Odhrain studied his lists for a moment.

“Well, wine-sellers from as far as Esgaroth have sent word that they would come,” he said, “and we can expect wool-merchants from the cloth-country of Lebennin, like each year. Master Suanach has also requested booths for his business partners from Pelargir – that means exotic fruits and spices from the South or even from Harad. This is going to be a good fair, or so the Guild hopes.”

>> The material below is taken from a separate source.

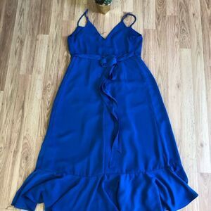 Lulus Manhattan Moment Ruffled Midi Wrap Dress Size XS Blue Straps Sleeveless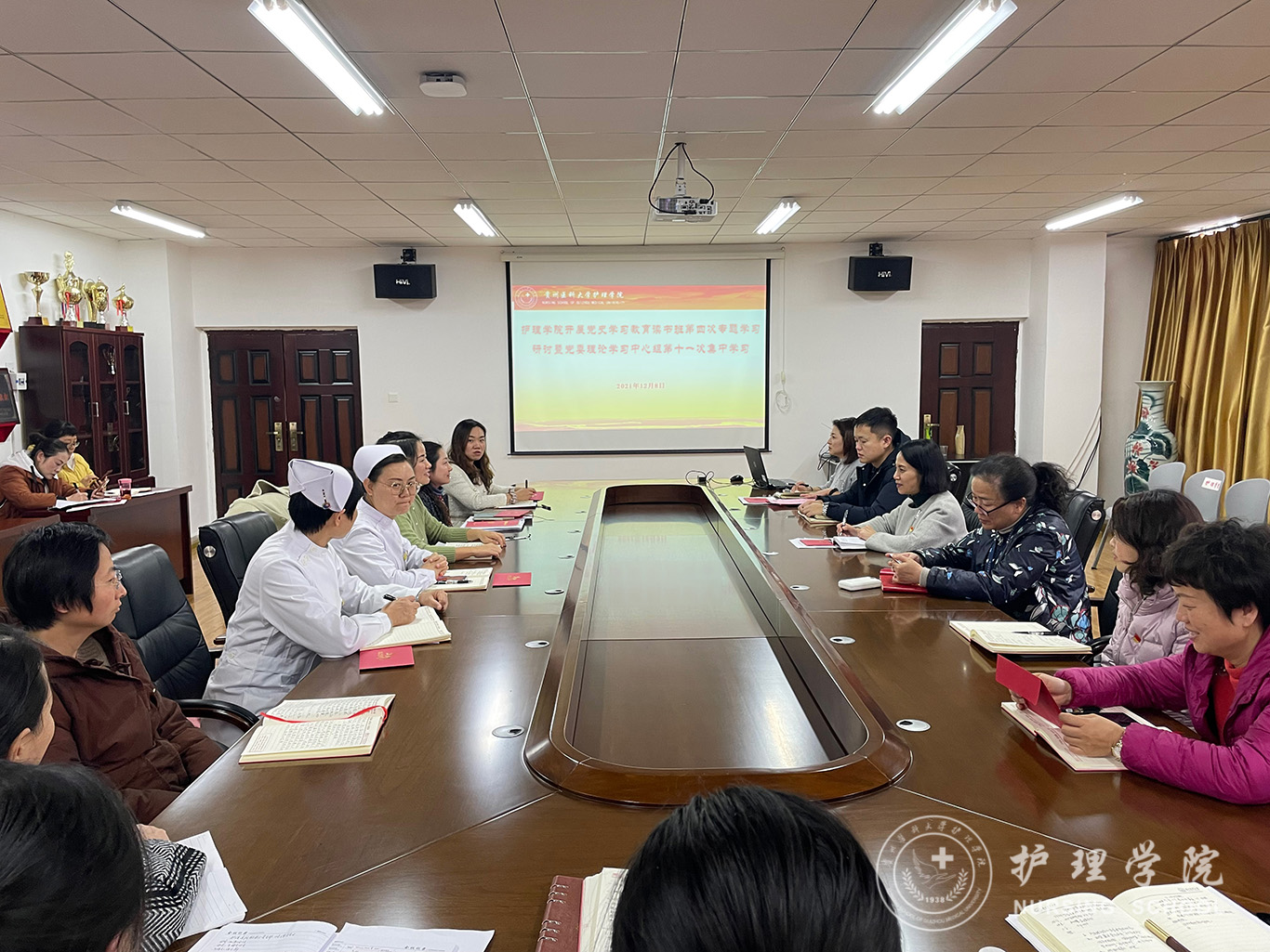 院领导班子成员分别结合自身工作实际围绕党的十九届六中全会精神,聚焦党的百年奋斗“五大历史意义”和“十条历史经验”,深刻把握“两个确立”,坚决做到“两个维护”进行交流研讨,党委书记杨英带头作中心研讨发言,其他班子成员依次作研讨发言;教职工党支部书记、正科级组织员作学习交流发言。

“So we all hope,” said the tax collector. “For we all truly need the incomes the fair could bring. Even if it means a week’s hard work for you and your men, Master Warden.”

“We shall manage,” replied Henderch with a shrug and a smile. “With the help of Lord Orchald’s men-at-arms and the Guild’s watchmen, it should be possible. And not many of them would come within the town walls in any case. Not any further than the Riverside Inn, that is.”

“Are the Elves staying in the Inn as well?” asked the tax collector.

Henderch shook his head.

“Nay, they are sleeping in the gardens of the Infirmary,” he said. “They prefer keeping their own company… and the gardens are quiet and peaceful.”

“Do you think they will come to the fair indeed?” asked Wella.

“Mistress Dorlas says that is why they have come in the first place,” replied the Chief Warden. “This will be a fair we shall not easily forget.”